Mexican Beans and Rice
Sweet potatoes and the smoky flavor of chipotle peppers amp up the flavor in this versatile recipe. Perfect as a side or burrito filling.
- 2 tablespoons oil
- 1 cup yellow onion, diced
- 1 cup sweet potatoes, peeled and diced
- 1/2 cup green and red bell peppers, diced
- 1 clove garlic, minced
- 1 cup fire-roasted tomatoes, chopped
- 2 teaspoons chipotle peppers, minced (or to taste)
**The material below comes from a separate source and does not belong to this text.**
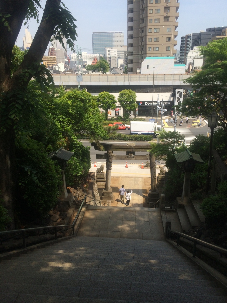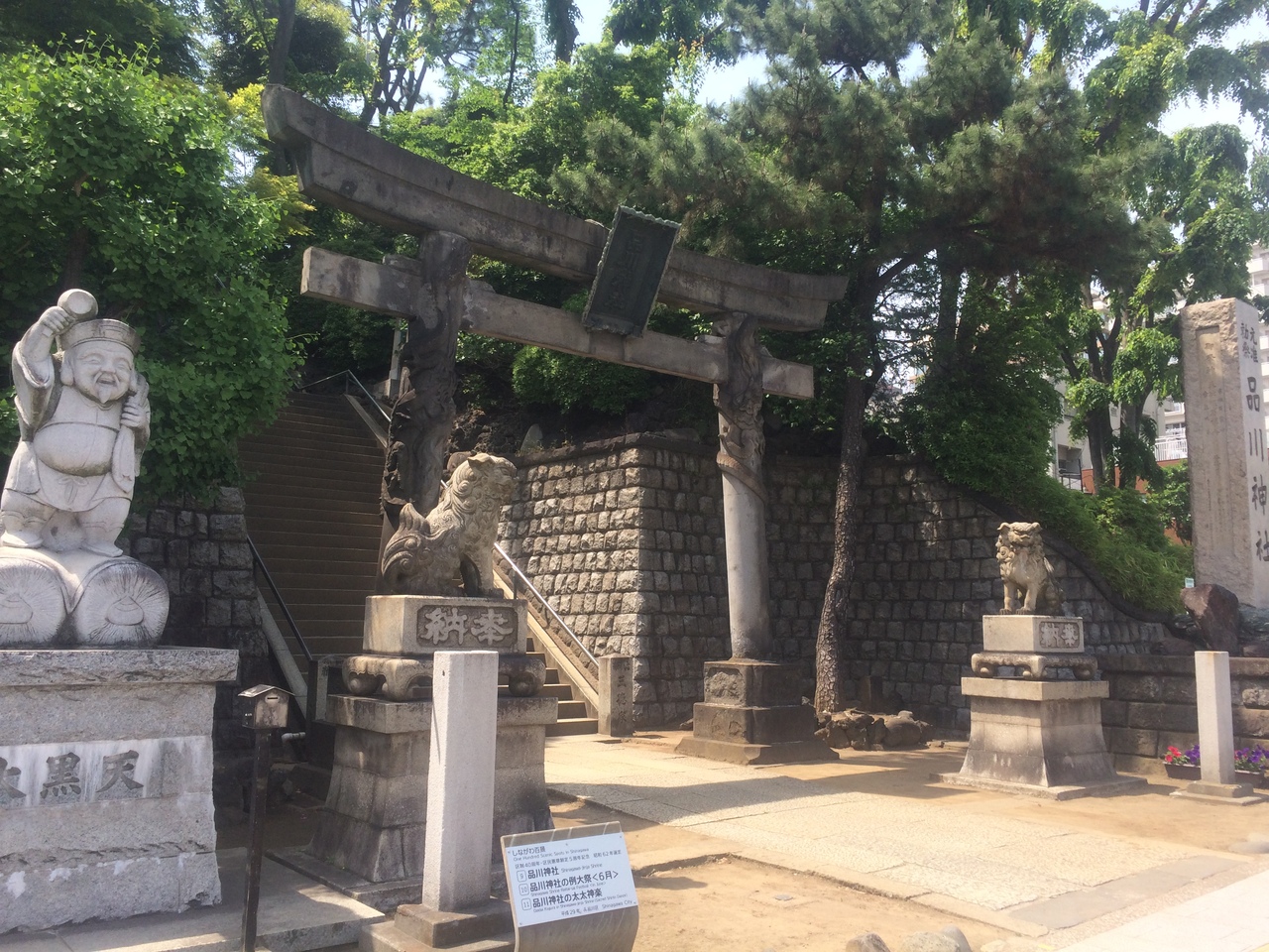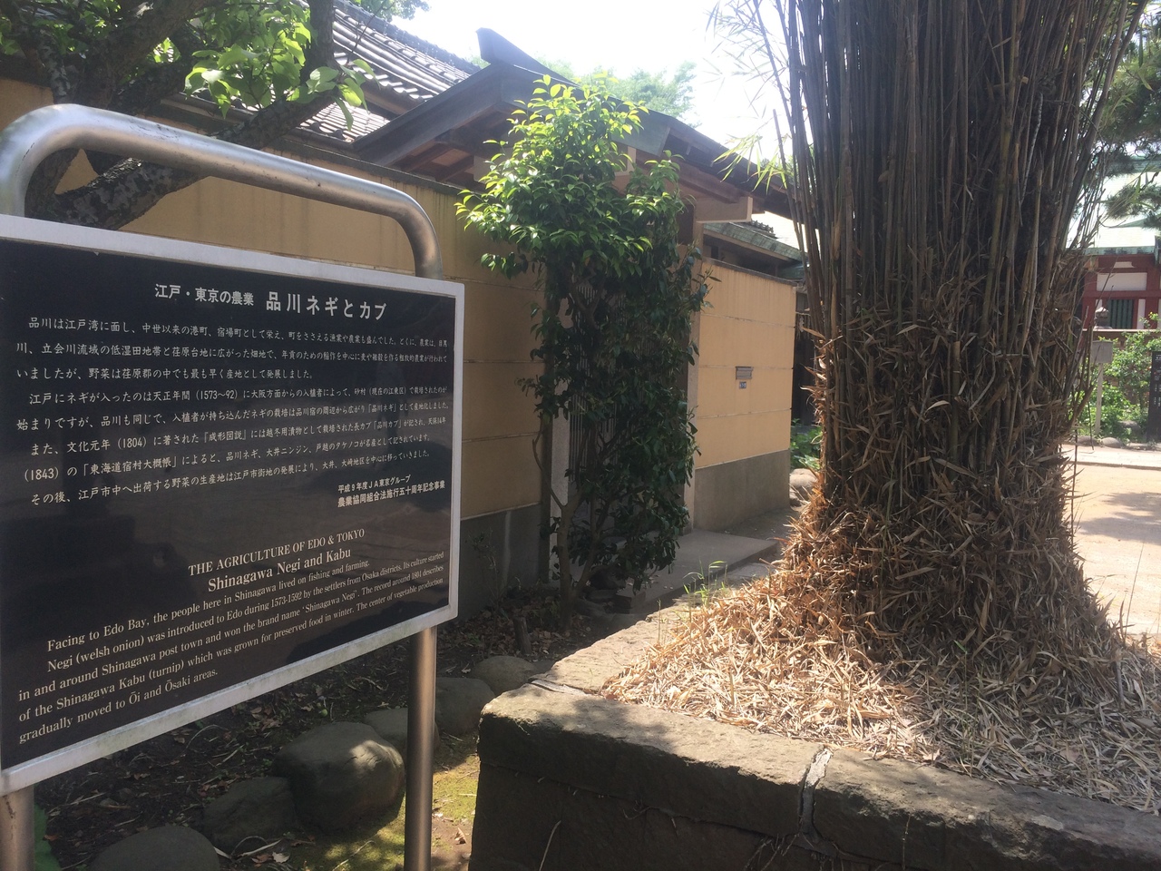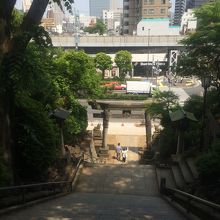 1分もかからず上れますが階段が急でした。境内が少し高台にあるので品川のビル群を望むことが出来ます。品川周辺の雑踏が嘘のような静かな場所でした。江戸時代の宿場町だけあって、包丁塚、ネギとカブの説明看板等がありました。

- 1/2 teaspoon chili powder
- 1/2 teaspoon ground coriander
- 1/2 teaspoon ground cumin
- 1/2 teaspoon salt
- Pinch black pepper
- 1 cup precooked brown rice
- 1 (15-ounce) can black beans, drained and rinsed
- 1/4 cup fresh cilantro, chopped
- Lime wedges for garnish
- In a medium stockpot, heat the oil and sauté onions, sweet potatoes, and bell peppers over medium heat until soft, about 10 minutes.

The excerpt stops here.